2.6. Statistical Analysis
Levels of difference between experimental groups were determined by Mann-Whitney test (GraphPad Prism, La Jolla, CA). When multiple comparisons were performed within a single experiment, corrected P value (Pc) was calculated by multiplying the P value by the number of comparisons performed within the experiment. Differences which provided P<0.05 for a single comparison or Pc<0.05 for multiple comparisons were considered significant.
3. Results and discussion
RAG1−/− and RAG1−/−NOS2−/− mice were infected and treated with sulfadiazine to control tachyzoite proliferation and establish a chronic infection in their brains. Both groups of mice lack T and B cells. Only difference between these two strains is the presence (the former) or absence of NOS2 (the latter) in innate immune cells. At 3–4 weeks after infection, 2.8 times larger numbers of cysts were detected in the brains of RAG1−/−NOS2−/− than RAG1−/− mice (P<0.05, Fig. 1A). Consistently, amounts of mRNA for bradyzoite-specific BAG1 were about twice greater in the former than latter (Fig. 1B, P<0.05). Increased levels of NOS2 mRNA were detected in the brains of only infected RAG1−/− mice as expected (P<0.001, Fig. 1C). These results indicate that the innate immune responses mediated by NOS2 are important for the protective immunity to restrict formation of T. gondii cysts in the brain.
Figure 1.
NOS2-mediated innate immunity is important for inhibiting formation of T. gondii cysts in the brain. RAG1−/− and RAG1−/−NOS2−/− mice were infected with 20 cysts of the ME49 strain perorally and treated with sulfadiazine beginning at 9 days after infection to establish a chronic infection in their brains. At 3 or 4 weeks after infection, numbers of T. gondii cysts (A) and the amounts of bradyzoite-specific BAG1 mRNA (B) and NOS2 (C) in their brains were measured. All data represent mean ± SEM. The data from two independent studies were combined. In total, there were 12 mice in each experimental group for cyst counting and 10 mice in each experimental group for quantification of mRNA for BAG1 and NOS2. *P<0.05 and ***P<0.001.

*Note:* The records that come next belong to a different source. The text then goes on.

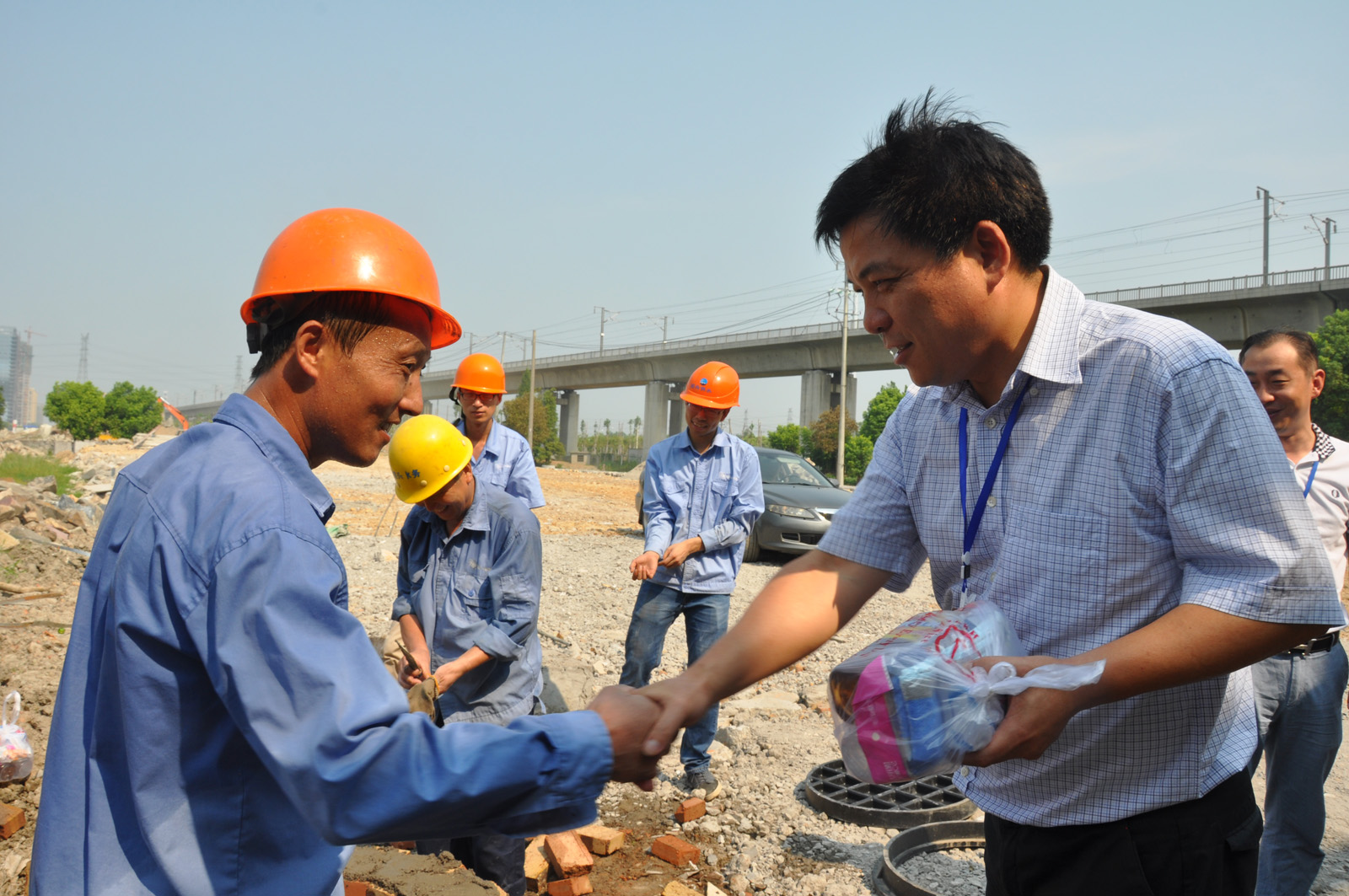 月27日上午,首页公司董事长周俭在公司董事长谷连森、总经理李叶茂等领导的陪同下,前往柯桥城区金昌诚园小区和兴华路与镜水路交叉口配套工程施工现场,慰问坚守岗位的一线职工,为他们送上了消暑饮料及毛巾等防暑用品,并叮嘱大家在高温酷暑下尽量错时作业,注意做好防暑措施。
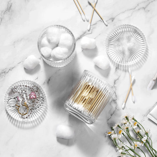 Glass Qtip Holder with Vanity Tray, Apothecary Jars Bathroom Accessories Bathroom Canisters Organizer Countertop Q Tip Holder for Cotton Ball Round Swab Pad Hair Ties Floss Perfume Jewelry
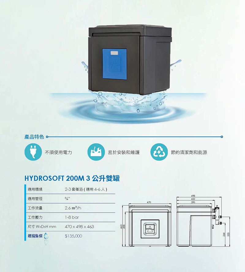 ・採用歐洲高純度銅鑄件與優質耐壓材料。專利全吸除式反洗,反洗時完全不停水,水量消耗極低。
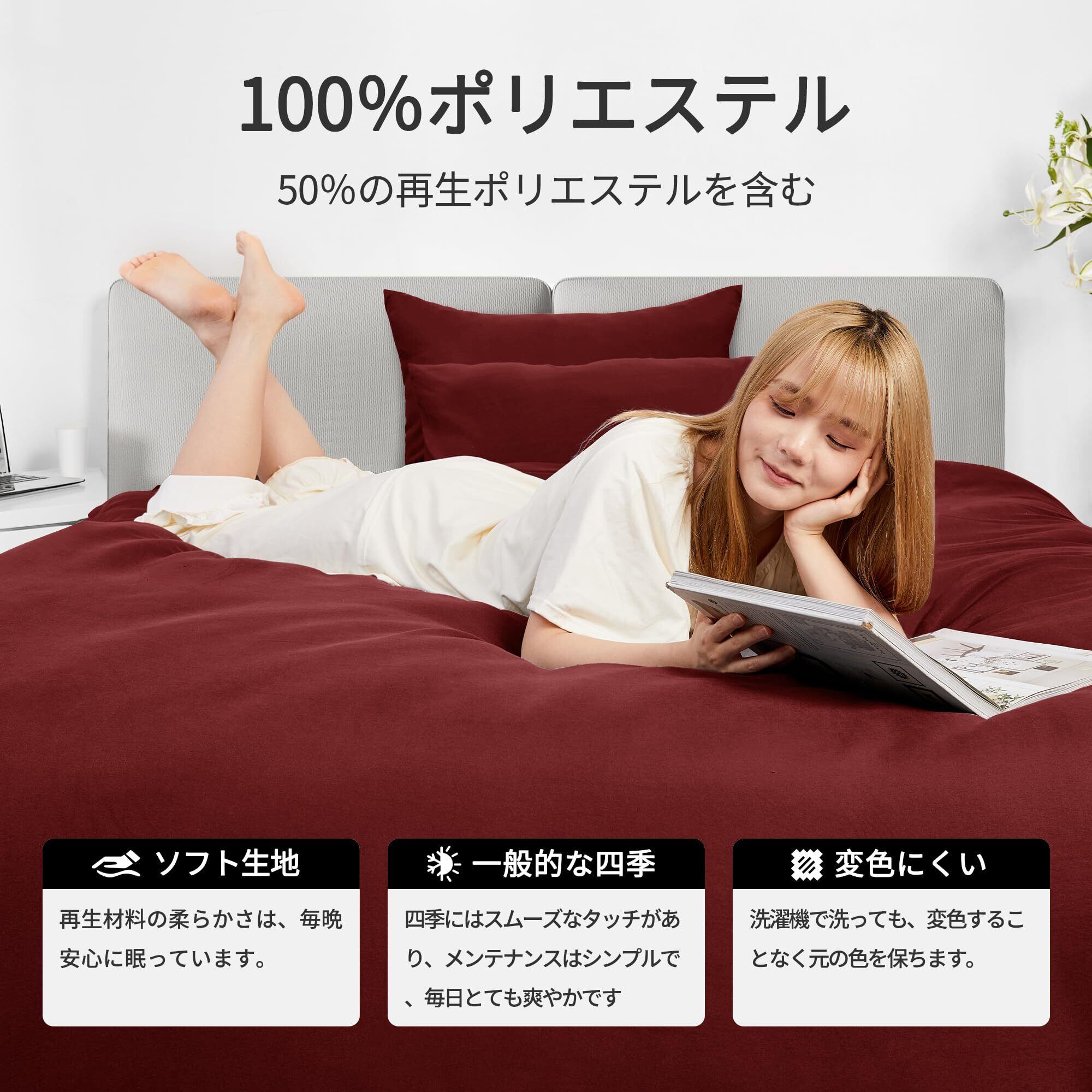【GRS及びエコテックスの認証を取得する】持続可能な認証:GRS及びエコテックスの認証を取得した製品は、お客様と環境に安全な環境に優しい素材を使用しています。持続可能なライフスタイルに貢献するだけでなく、あなたとあなたの家族の健康のために安全であるだけでなく、環境に優しい製品を選択します。布団カバーと枕カバー、シーツの色柄に統一感を持たせると、よりまとまりのある寝室空間を演出できます。ホワイト、ダークグレー、ライトグレーなど豊富なカラーバリエ-ションにより、季節ごとに組み合わせを変えることでオールシーズンお部屋を鮮やかに彩ってくれます。家庭での丸洗いでも手洗いでも洗濯可能で、いつでも清潔感を保ています。素材によって、洗濯のしかたやお手入れの方法も異なります。ポリエステル素材は洗濯しても乾きやすいため、雨が続く季節に重宝するです。洗濯時に若干色落ち、色移りする場合がございますのでご注意ください。
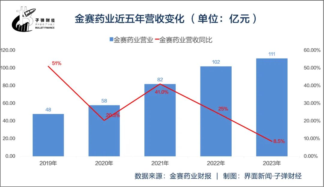 但从近五年来看,金赛药业的营收增速呈现下滑趋势。2023年,金赛药业实现营收111亿元,同比增长8.5%,增速较去年同期的25%下降了16.5个百分点。
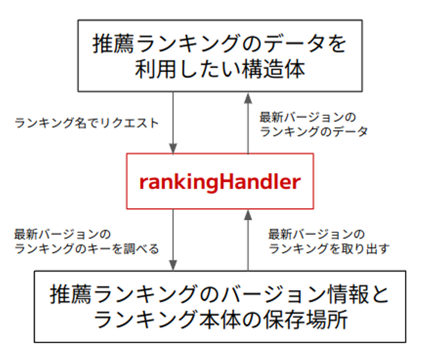 ランキングのデータに正しくバージョンを付与し、最新バージョンの取得も出来るようになったことで一応のプロジェクト目標は達成されましたが、「まず最新バージョンを取得し、次にキーを構築してランキングのデータ本体を取得する」というロジックはコードを一見しただけでは理解しにくいということが課題に感じました。そこで、推薦基盤に新しく rankingHandler という構造体を導入し、これに最新のランキングを解決するメソッドを実装することで、ランキングのデータを利用する側はランキング名だけ指定すれば自動的に最新バージョンが得られるようにしました。これによって、ランキングのデータにはバージョン情報が付与されており最新版を取ってくる必要があることや、ランキングのデータが実際に保存されている場所などの詳細を隠蔽することができ、誤った扱い方をしてしまうリスクが低くなりました。
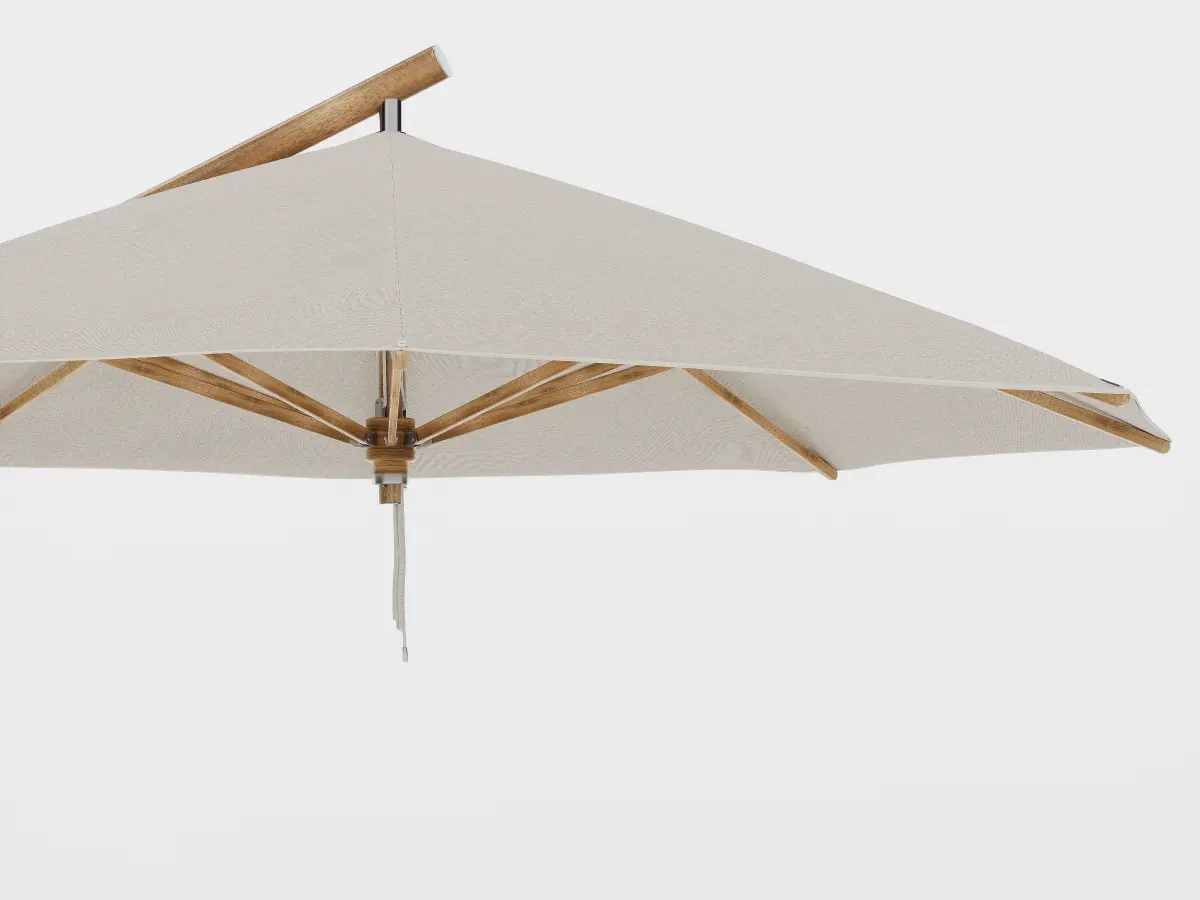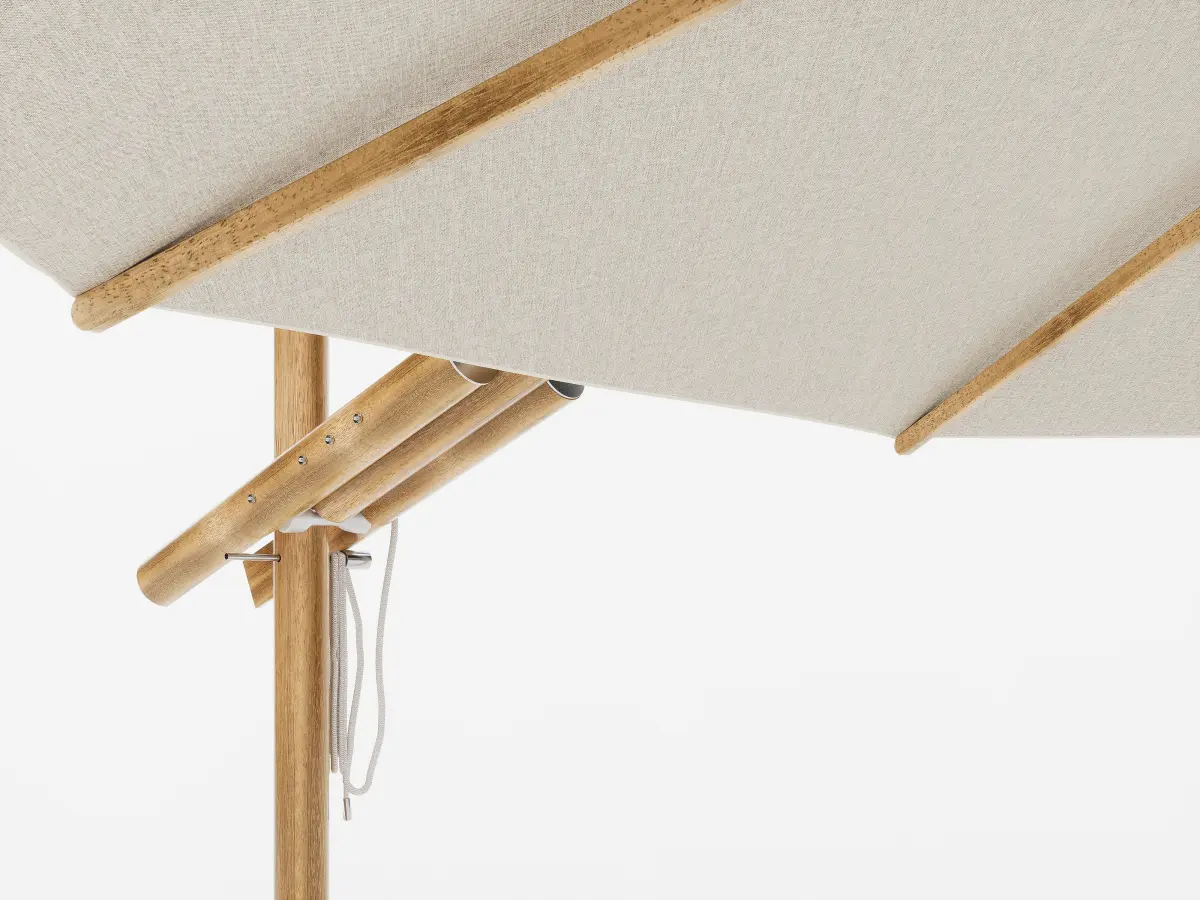 Iroko and steinless steel Cantilever Parasol designed by Anormal, covered with Sunbrella waterproof fabric. Polygonal model, scaled for an accurate representation and correct UV. Formats: 3ds Max 2018, FBX, OBJ and MTL Size: 320 cm

We next examined whether NOS2 is important for CD8+ T cell-mediated immune process to remove T. gondii cysts, in which phagocytes accumulate and penetrate into the cysts [20]. Infected, sulfadiazine-treated RAG1−/− and RAG1−/−NOS2−/− mice received a systemic transfer of CD8+ immune T cells at 3 weeks after infection. Seven days after the T cell transfer (Day 7), numbers of cysts in the brains of animals that had received the T cells were markedly fewer than those that had received no T cells in both RAG1−/− and RAG1−/−NOS2−/− mice (Pc<0.05 for both strains, Fig. 2A). In addition, the ratios of cyst numbers in the mice with the T cell transfer versus those in the animals without the cell transfer did not differ between RAG1−/− and RAG1−/−NOS2−/− mice (the mean ± SEM: 3.99 ± 1.72 % [n=8] and 6.36 ± 2.32 % [n=8], respectively), although the latter had larger numbers of cysts before the cell transfer (Fig. 2A). In agreement with the results in cyst numbers, amounts of bradyzoite-specific BAG1 mRNA were markedly less in the mice with the immune T cell transfer than in those without the cell transfer in both RAG1−/− and RAG1−/−NOS2−/− strains (Pc<0.05, Fig. 2B), and the ratios of BAG1 mRNA levels in the mice with the T cell transfer versus those in the animals without the cell transfer did not differ between these two strains (the mean ± SEM: 3.19 ± 1.12 % [n=8] and 3.78 ± 0.98 % [n=7], respectively). In contrast to the transfer of the immune T cells, numbers of cysts and amounts of BAG1 mRNA in the brains of mice that had received CD8+ normal T cells from uninfected BALB/c mice did not differ from those of the control mice that had received no T cells in both RAG1−/− and RAG1−/−NOS2−/− mice (Figs. 2A and 2B). These results indicate that the immune process initiated by CD8+ immune T cells is able to remove T. gondii cysts in the absence of NOS2 in innate immune cells including phagocytes.
Figure 2.
NOS2 is not required for the CD8+ T cell-initiated immune process to remove T. gondii cysts from the brain. RAG1−/− and RAG1−/−NOS2−/− mice were infected with 20 cysts of the ME49 strain perorally and treated with sulfadiazine beginning at 9 days after infection to establish a chronic infection in their brains. At 3 weeks after infection, the mice received a systemic transfer of CD8+ immune T cells (3.2 ×106 cells) from chronically infected BALB/c mice (Day 0). As a control, a group of infected RAG1−/− and RAG1−/−NOS2−/− mice received CD8+ normal T cells from uninfected BALB/c mice in the same manner. Seven days after the T cell transfer (Day 7), numbers of T. gondii cysts (A) and the amounts of bradyzoite-specific BAG1 mRNA (B) in their brains were measured. All data represent mean ± SEM. The data from two independent studies were combined. There were 3 or 4 mice in each experimental group in each experiment. *Pc<0.05, **Pc<0.01, and ***Pc<0.001. N.S.: not significant.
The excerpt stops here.